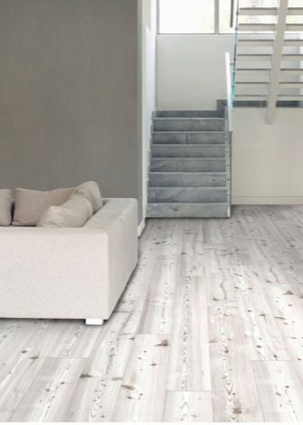 - Laminat in hellen Farben ist eine stilvolle und modische Lösung. Die Beschichtung verleiht dem Interieur einen Hauch von Raffinesse und Chic.
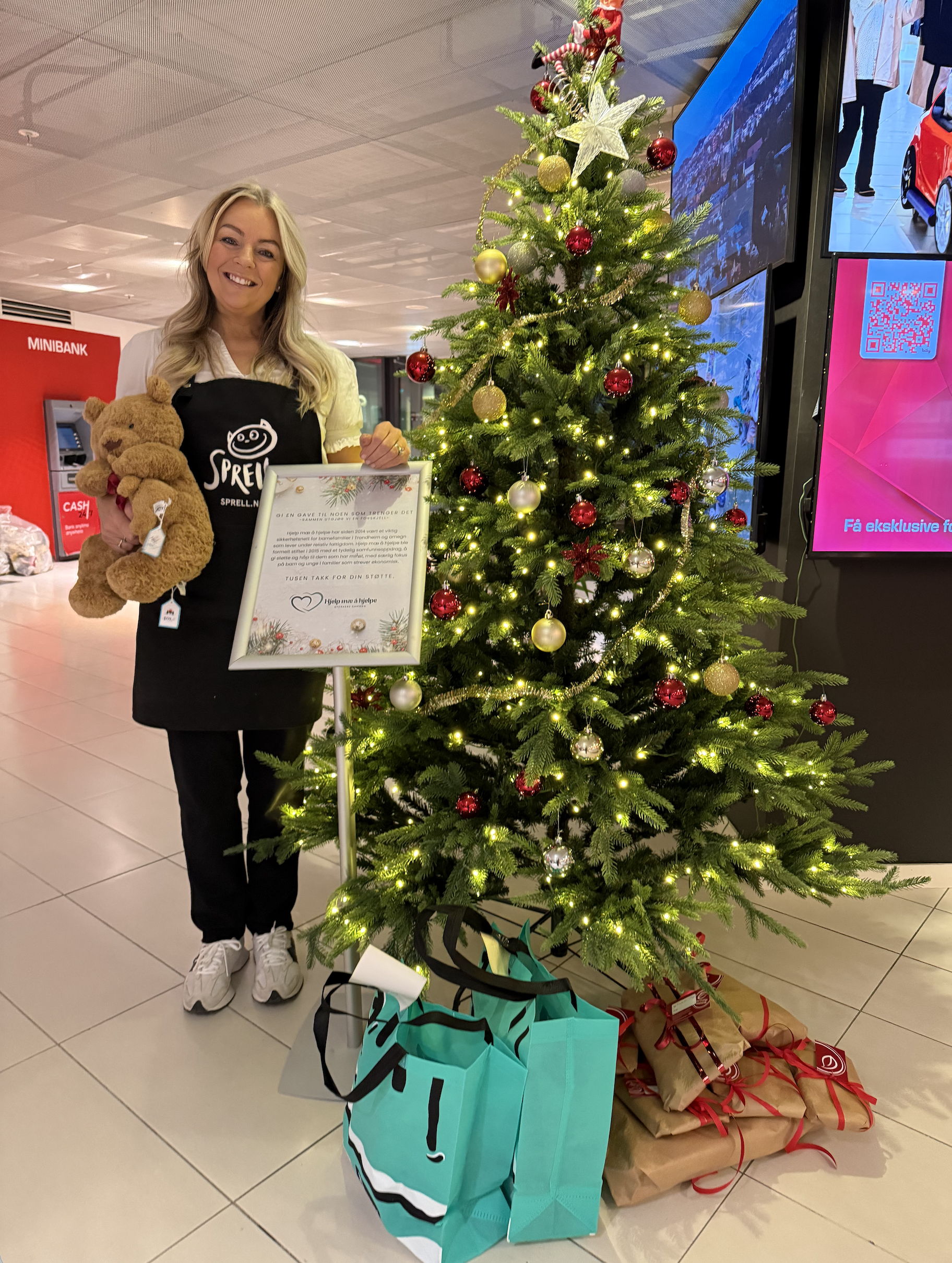 På Sirkus Shopping er det satt opp et juletre der besøkende kan legge gaver til familier som trenger det. Samtidig kommer en stor del av gavene fra butikkene på senteret – et tydelig tegn på lokalt engasjement og vilje til å bidra.
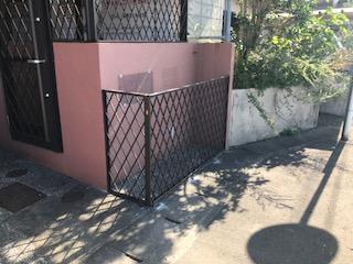 既存のゴミ置き場の形状を活かしてL型にアルミ格子を設置しました。 前回からの工事により、ゴミの分別がしやすく、すっきりとした印象になったと思います。
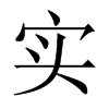 〔古文〕宲?《唐韻》《廣韻》神質切《集韻》《類篇》《韻會》食質切,?音失。《說文》實,富也。从宀从貫。貫,貨貝也。《廣韻》誠也,滿也。《增韻》充也,虛之對也。《易·本義》乾一而實,坤二而虛。《孟子》充實之謂美,充實而有光輝之謂大。《宋程頤曰》心有主則實,實則外患不能入。
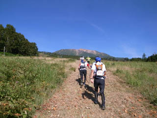 スキー場から眺める御嶽山。雲一つない空にどっしりと構える。あの山に登るのはもちろん大変であるが、お鉢巡りがさらに大変であることを初めてこの大会に出るランナーは知る由もない。
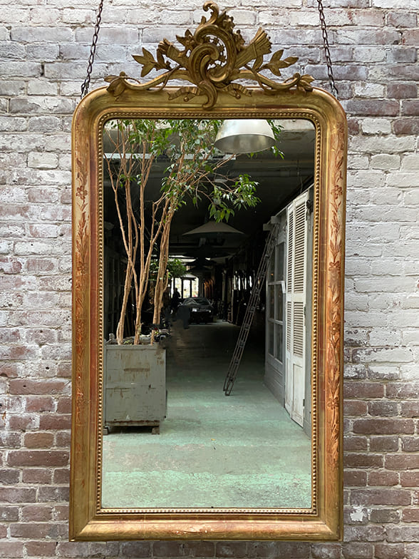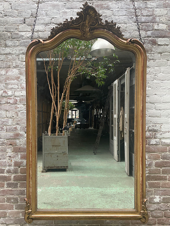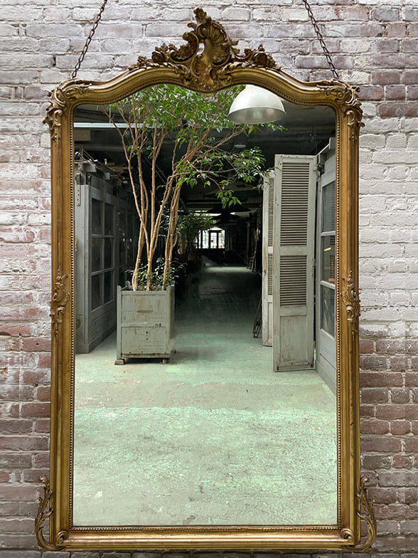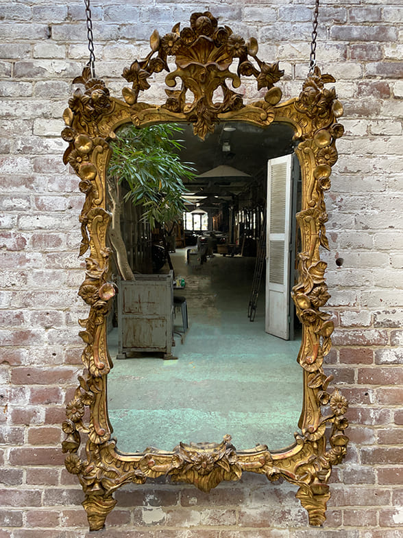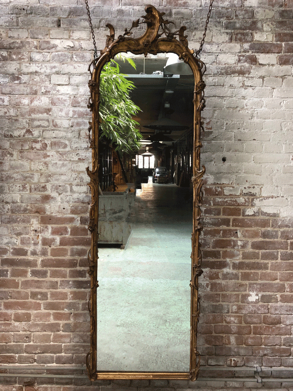 Zoals gezegd is elke spiegel uit de 18e eeuw een reflectie van een tijdsbeeld, veelal beïnvloed door de stijl van de heersende vorst. Waar de 18e eeuwse spiegellijsten hand gestoken zijn, is de 19e eeuwse “pâte-tegenhanger” minder bewerkelijk maar nog steeds een waar stuk vakmanschap. De profilering van de lijst is van hout. De ornamenten en kuif zijn nu gemaakt van pâte met een basis van ijzer. De eeuwenoude techniek van vergulding is ook hier gebruikt.
★ ★ ★ ★
• **Problem description**
Please output all of the entries above exactly, but without any picture.

• **Finished exercise**
 - Laminat in hellen Farben ist eine stilvolle und modische Lösung. Die Beschichtung verleiht dem Interieur einen Hauch von Raffinesse und Chic.
 På Sirkus Shopping er det satt opp et juletre der besøkende kan legge gaver til familier som trenger det. Samtidig kommer en stor del av gavene fra butikkene på senteret – et tydelig tegn på lokalt engasjement og vilje til å bidra.
 既存のゴミ置き場の形状を活かしてL型にアルミ格子を設置しました。 前回からの工事により、ゴミの分別がしやすく、すっきりとした印象になったと思います。
 〔古文〕宲?《唐韻》《廣韻》神質切《集韻》《類篇》《韻會》食質切,?音失。《說文》實,富也。从宀从貫。貫,貨貝也。《廣韻》誠也,滿也。《增韻》充也,虛之對也。《易·本義》乾一而實,坤二而虛。《孟子》充實之謂美,充實而有光輝之謂大。《宋程頤曰》心有主則實,實則外患不能入。
 スキー場から眺める御嶽山。雲一つない空にどっしりと構える。あの山に登るのはもちろん大変であるが、お鉢巡りがさらに大変であることを初めてこの大会に出るランナーは知る由もない。
 Zoals gezegd is elke spiegel uit de 18e eeuw een reflectie van een tijdsbeeld, veelal beïnvloed door de stijl van de heersende vorst. Waar de 18e eeuwse spiegellijsten hand gestoken zijn, is de 19e eeuwse “pâte-tegenhanger” minder bewerkelijk maar nog steeds een waar stuk vakmanschap. De profilering van de lijst is van hout. De ornamenten en kuif zijn nu gemaakt van pâte met een basis van ijzer. De eeuwenoude techniek van vergulding is ook hier gebruikt.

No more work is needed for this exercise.